→ Description of the task:
Only the lines below from the one that holds "در یک کاسه بزرگ،" through the one that holds "Apply VST or" should appear in the answer, copied exactly, end lines included and pictures omitted.

→ Input records:
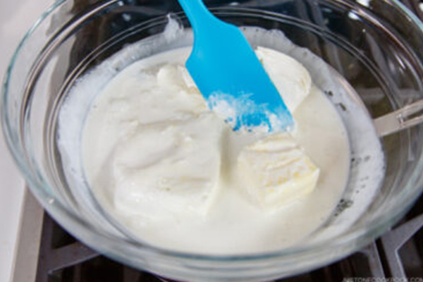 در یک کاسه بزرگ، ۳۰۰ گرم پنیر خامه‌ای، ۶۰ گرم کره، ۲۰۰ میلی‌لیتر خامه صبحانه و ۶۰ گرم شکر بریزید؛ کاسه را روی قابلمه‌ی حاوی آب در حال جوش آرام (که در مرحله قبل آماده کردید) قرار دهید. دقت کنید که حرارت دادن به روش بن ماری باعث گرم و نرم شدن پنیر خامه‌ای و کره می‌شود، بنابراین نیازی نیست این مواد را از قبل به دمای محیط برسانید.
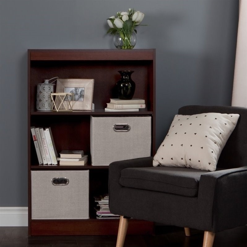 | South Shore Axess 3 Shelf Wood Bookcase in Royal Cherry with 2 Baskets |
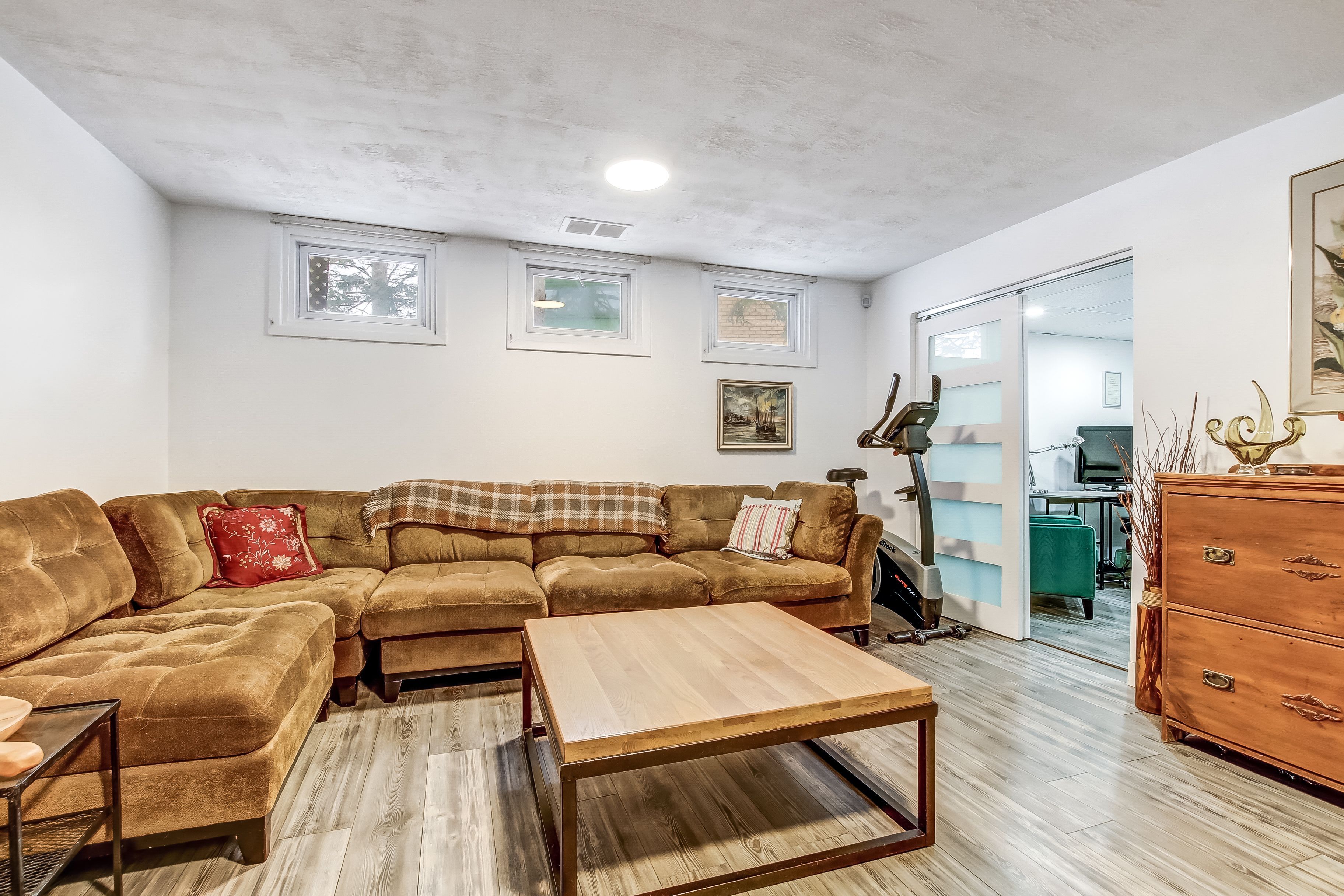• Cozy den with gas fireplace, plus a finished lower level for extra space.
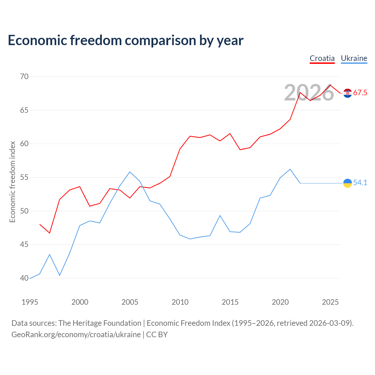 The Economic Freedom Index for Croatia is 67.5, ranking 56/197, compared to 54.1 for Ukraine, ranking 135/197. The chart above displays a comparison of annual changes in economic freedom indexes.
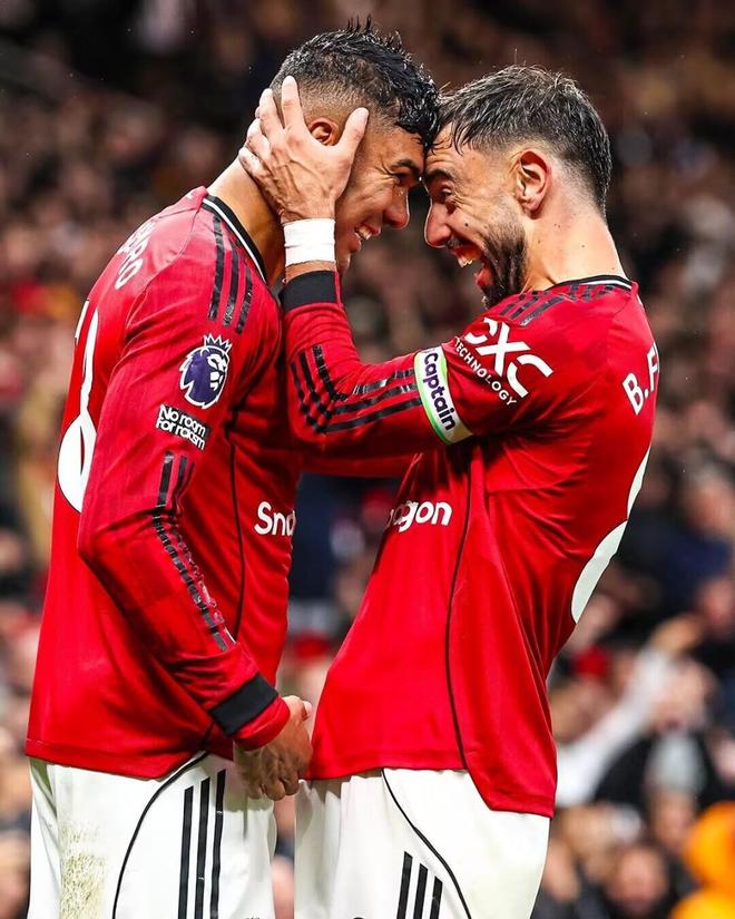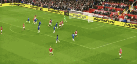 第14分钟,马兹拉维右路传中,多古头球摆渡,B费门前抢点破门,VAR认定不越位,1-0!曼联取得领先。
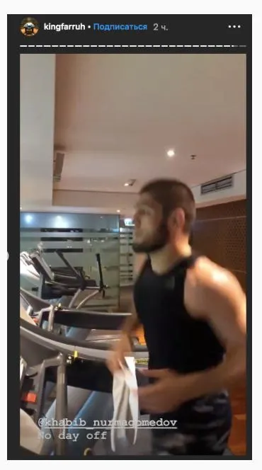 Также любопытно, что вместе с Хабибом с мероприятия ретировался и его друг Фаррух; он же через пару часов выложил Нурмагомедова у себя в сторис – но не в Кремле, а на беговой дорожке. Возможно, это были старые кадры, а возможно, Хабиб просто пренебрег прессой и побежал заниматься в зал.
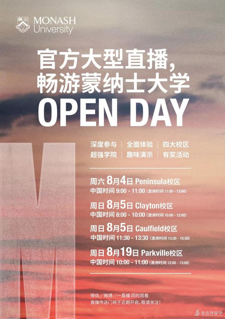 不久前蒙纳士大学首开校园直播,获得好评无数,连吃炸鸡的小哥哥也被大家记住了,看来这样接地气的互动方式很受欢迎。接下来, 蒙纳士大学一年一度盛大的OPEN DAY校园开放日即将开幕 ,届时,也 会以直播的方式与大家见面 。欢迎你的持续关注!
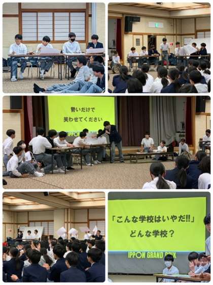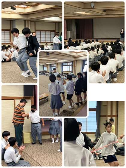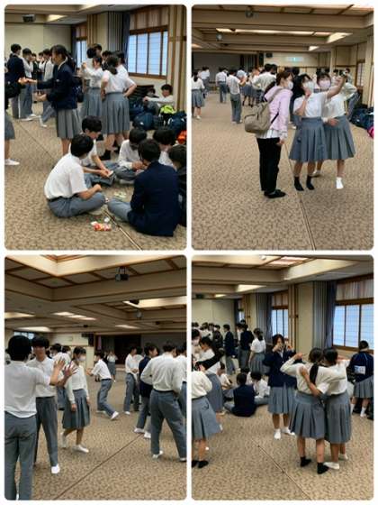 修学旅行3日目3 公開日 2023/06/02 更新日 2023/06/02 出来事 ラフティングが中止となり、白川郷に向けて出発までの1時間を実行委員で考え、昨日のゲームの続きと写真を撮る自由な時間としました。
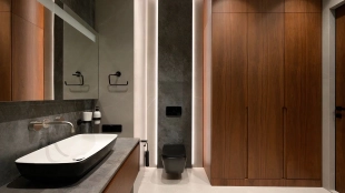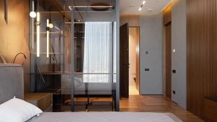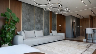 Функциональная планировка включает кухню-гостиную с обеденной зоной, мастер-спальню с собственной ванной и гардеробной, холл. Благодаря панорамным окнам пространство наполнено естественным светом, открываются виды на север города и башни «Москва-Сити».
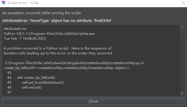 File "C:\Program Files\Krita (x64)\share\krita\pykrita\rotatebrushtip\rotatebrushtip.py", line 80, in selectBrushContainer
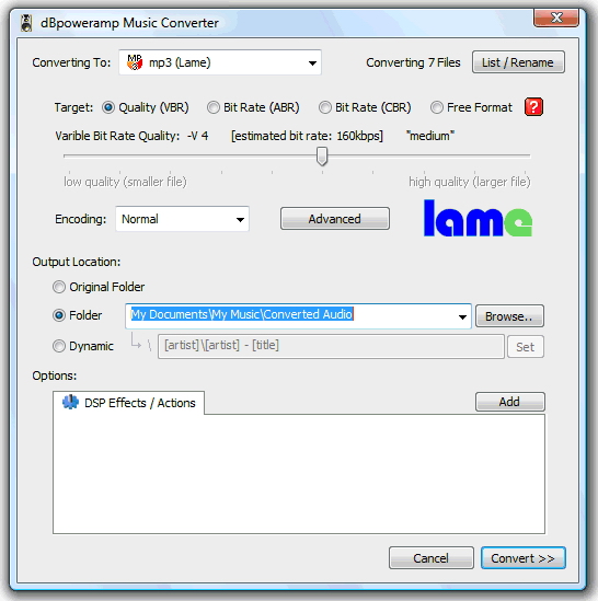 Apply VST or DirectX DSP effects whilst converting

...

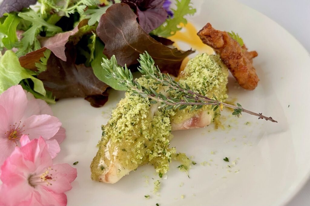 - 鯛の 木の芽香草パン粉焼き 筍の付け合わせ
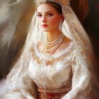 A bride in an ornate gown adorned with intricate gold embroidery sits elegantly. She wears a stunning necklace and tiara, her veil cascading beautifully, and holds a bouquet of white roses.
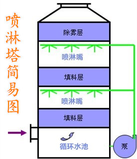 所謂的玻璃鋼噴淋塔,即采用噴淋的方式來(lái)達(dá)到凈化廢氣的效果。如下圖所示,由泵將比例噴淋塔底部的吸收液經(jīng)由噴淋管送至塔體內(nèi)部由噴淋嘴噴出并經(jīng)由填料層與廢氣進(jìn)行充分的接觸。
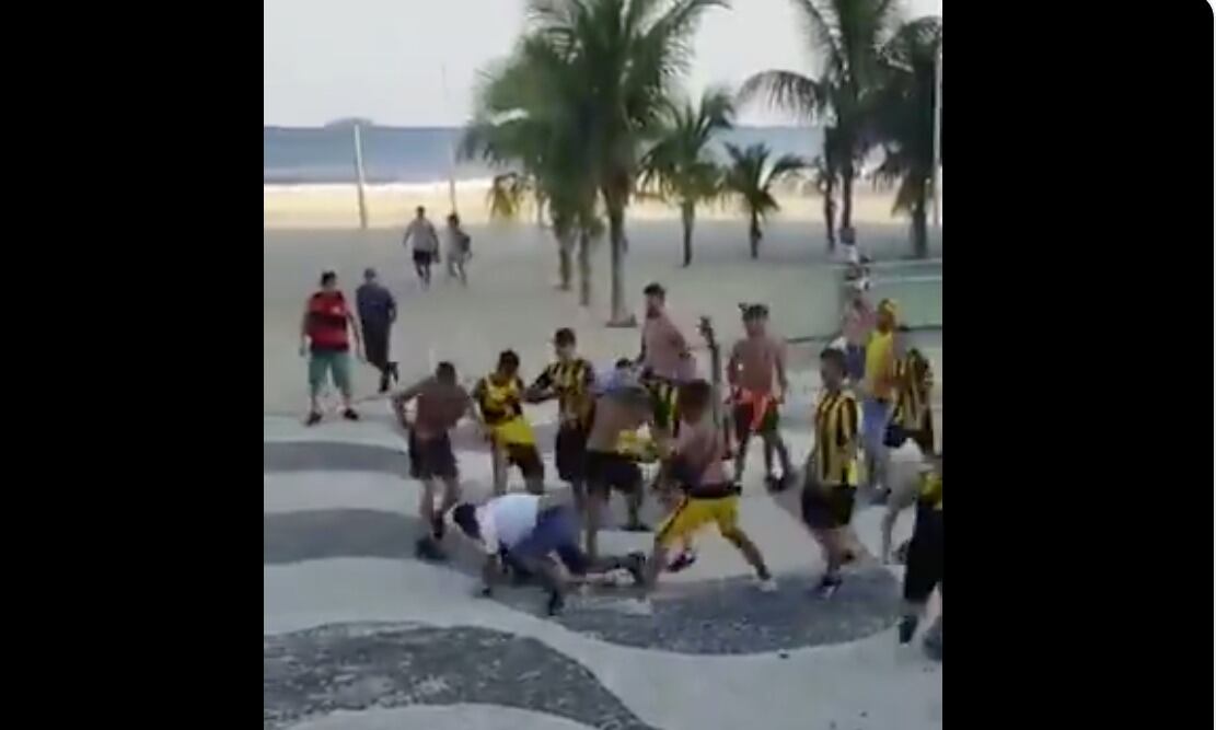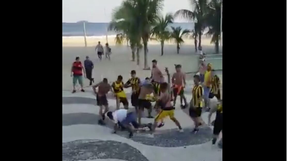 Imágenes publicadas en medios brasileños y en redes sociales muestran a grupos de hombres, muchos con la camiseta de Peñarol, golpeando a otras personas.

--

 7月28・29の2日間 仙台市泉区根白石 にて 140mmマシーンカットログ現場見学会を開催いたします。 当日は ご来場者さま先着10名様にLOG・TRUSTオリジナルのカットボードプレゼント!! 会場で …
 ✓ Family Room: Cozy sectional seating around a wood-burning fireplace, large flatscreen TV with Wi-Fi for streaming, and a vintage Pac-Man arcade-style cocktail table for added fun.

→ Answer section:
 در یک کاسه بزرگ، ۳۰۰ گرم پنیر خامه‌ای، ۶۰ گرم کره، ۲۰۰ میلی‌لیتر خامه صبحانه و ۶۰ گرم شکر بریزید؛ کاسه را روی قابلمه‌ی حاوی آب در حال جوش آرام (که در مرحله قبل آماده کردید) قرار دهید. دقت کنید که حرارت دادن به روش بن ماری باعث گرم و نرم شدن پنیر خامه‌ای و کره می‌شود، بنابراین نیازی نیست این مواد را از قبل به دمای محیط برسانید.
 | South Shore Axess 3 Shelf Wood Bookcase in Royal Cherry with 2 Baskets |
• Cozy den with gas fireplace, plus a finished lower level for extra space.
 The Economic Freedom Index for Croatia is 67.5, ranking 56/197, compared to 54.1 for Ukraine, ranking 135/197. The chart above displays a comparison of annual changes in economic freedom indexes.
 第14分钟,马兹拉维右路传中,多古头球摆渡,B费门前抢点破门,VAR认定不越位,1-0!曼联取得领先。
 Также любопытно, что вместе с Хабибом с мероприятия ретировался и его друг Фаррух; он же через пару часов выложил Нурмагомедова у себя в сторис – но не в Кремле, а на беговой дорожке. Возможно, это были старые кадры, а возможно, Хабиб просто пренебрег прессой и побежал заниматься в зал.
 不久前蒙纳士大学首开校园直播,获得好评无数,连吃炸鸡的小哥哥也被大家记住了,看来这样接地气的互动方式很受欢迎。接下来, 蒙纳士大学一年一度盛大的OPEN DAY校园开放日即将开幕 ,届时,也 会以直播的方式与大家见面 。欢迎你的持续关注!
 修学旅行3日目3 公開日 2023/06/02 更新日 2023/06/02 出来事 ラフティングが中止となり、白川郷に向けて出発までの1時間を実行委員で考え、昨日のゲームの続きと写真を撮る自由な時間としました。
 Функциональная планировка включает кухню-гостиную с обеденной зоной, мастер-спальню с собственной ванной и гардеробной, холл. Благодаря панорамным окнам пространство наполнено естественным светом, открываются виды на север города и башни «Москва-Сити».
 File "C:\Program Files\Krita (x64)\share\krita\pykrita\rotatebrushtip\rotatebrushtip.py", line 80, in selectBrushContainer
 Apply VST or DirectX DSP effects whilst converting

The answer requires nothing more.